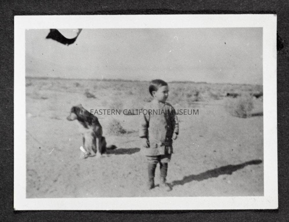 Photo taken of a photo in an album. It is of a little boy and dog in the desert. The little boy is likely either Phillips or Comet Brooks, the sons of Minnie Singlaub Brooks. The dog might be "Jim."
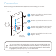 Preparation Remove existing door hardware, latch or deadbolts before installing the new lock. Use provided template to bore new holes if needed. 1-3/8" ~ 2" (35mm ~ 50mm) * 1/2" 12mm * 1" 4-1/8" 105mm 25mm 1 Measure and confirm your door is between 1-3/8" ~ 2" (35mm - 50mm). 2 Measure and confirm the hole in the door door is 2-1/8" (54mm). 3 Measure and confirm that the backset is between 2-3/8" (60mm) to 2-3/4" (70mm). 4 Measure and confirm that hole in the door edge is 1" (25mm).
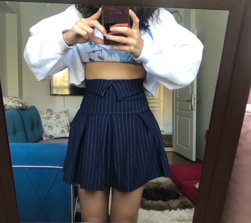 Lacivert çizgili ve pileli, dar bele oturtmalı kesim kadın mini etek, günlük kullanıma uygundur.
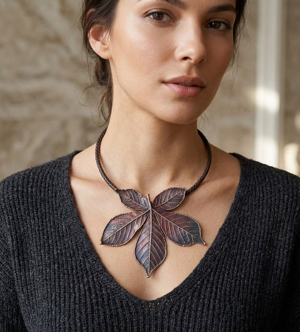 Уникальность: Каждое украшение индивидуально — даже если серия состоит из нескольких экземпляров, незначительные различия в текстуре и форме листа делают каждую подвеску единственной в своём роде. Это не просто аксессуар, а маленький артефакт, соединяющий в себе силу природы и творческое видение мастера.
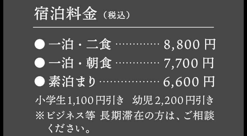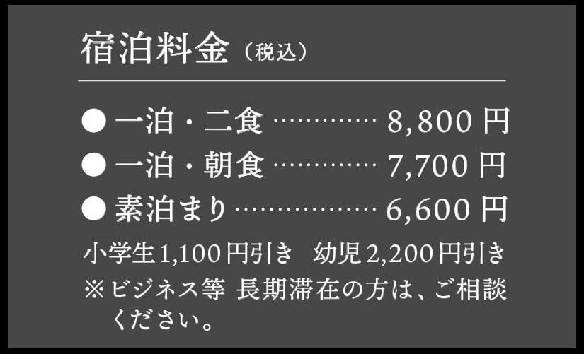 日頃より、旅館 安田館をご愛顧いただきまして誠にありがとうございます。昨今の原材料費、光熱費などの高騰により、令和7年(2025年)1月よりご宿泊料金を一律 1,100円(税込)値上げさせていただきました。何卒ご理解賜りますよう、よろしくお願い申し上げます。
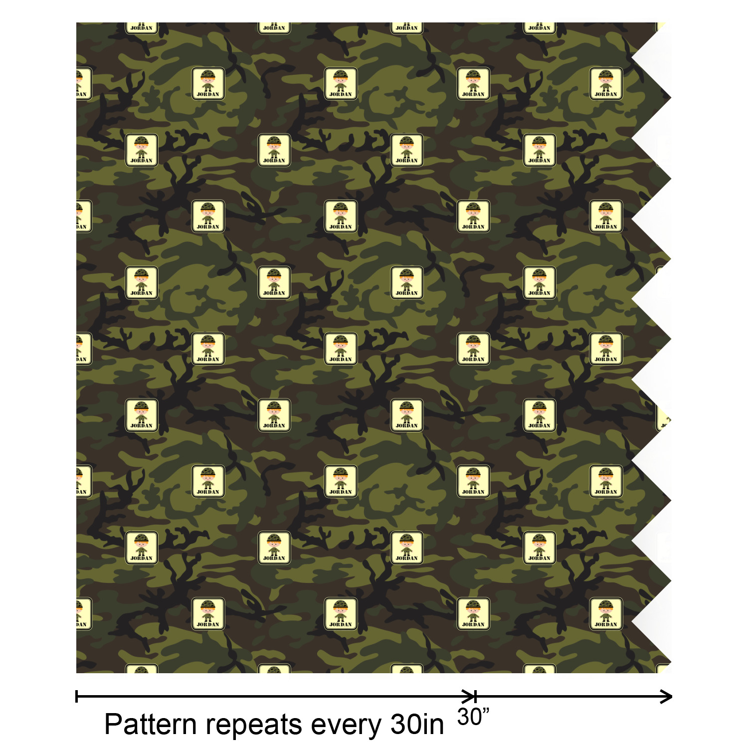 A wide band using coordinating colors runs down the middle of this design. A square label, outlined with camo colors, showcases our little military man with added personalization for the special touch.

- - - -

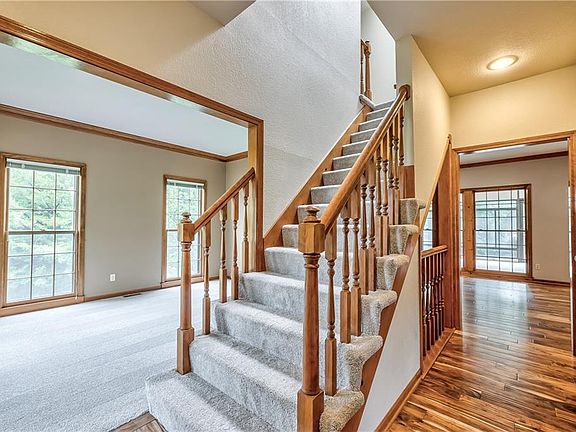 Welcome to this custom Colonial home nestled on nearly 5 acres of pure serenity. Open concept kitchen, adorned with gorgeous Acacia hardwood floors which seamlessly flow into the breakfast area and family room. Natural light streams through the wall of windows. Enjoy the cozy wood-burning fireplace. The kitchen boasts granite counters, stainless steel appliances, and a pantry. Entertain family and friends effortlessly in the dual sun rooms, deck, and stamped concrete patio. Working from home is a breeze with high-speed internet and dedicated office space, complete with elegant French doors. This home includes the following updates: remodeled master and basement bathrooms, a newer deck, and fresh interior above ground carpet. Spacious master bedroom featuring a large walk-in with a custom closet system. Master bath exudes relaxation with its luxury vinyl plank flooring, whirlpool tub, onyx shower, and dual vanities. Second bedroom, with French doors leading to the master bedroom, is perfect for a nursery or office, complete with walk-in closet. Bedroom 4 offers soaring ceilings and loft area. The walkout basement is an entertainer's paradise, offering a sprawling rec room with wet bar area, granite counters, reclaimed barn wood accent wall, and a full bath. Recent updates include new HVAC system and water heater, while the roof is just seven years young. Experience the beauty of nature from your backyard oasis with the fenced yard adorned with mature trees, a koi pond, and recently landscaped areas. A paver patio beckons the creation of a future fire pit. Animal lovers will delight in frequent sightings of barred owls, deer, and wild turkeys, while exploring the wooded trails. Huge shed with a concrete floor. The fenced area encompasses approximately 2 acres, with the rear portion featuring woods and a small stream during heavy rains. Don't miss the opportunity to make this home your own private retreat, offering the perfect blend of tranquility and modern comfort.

- - - -

▶ [Exercise requirements]
Find the line with "Уникальность: Каждое украшение" in the entries above. Set down exactly every line from it up to and including the line with "A wide band", images excluded.

▶ [Response to this task]
 Уникальность: Каждое украшение индивидуально — даже если серия состоит из нескольких экземпляров, незначительные различия в текстуре и форме листа делают каждую подвеску единственной в своём роде. Это не просто аксессуар, а маленький артефакт, соединяющий в себе силу природы и творческое видение мастера.
 日頃より、旅館 安田館をご愛顧いただきまして誠にありがとうございます。昨今の原材料費、光熱費などの高騰により、令和7年(2025年)1月よりご宿泊料金を一律 1,100円(税込)値上げさせていただきました。何卒ご理解賜りますよう、よろしくお願い申し上げます。
 A wide band using coordinating colors runs down the middle of this design. A square label, outlined with camo colors, showcases our little military man with added personalization for the special touch.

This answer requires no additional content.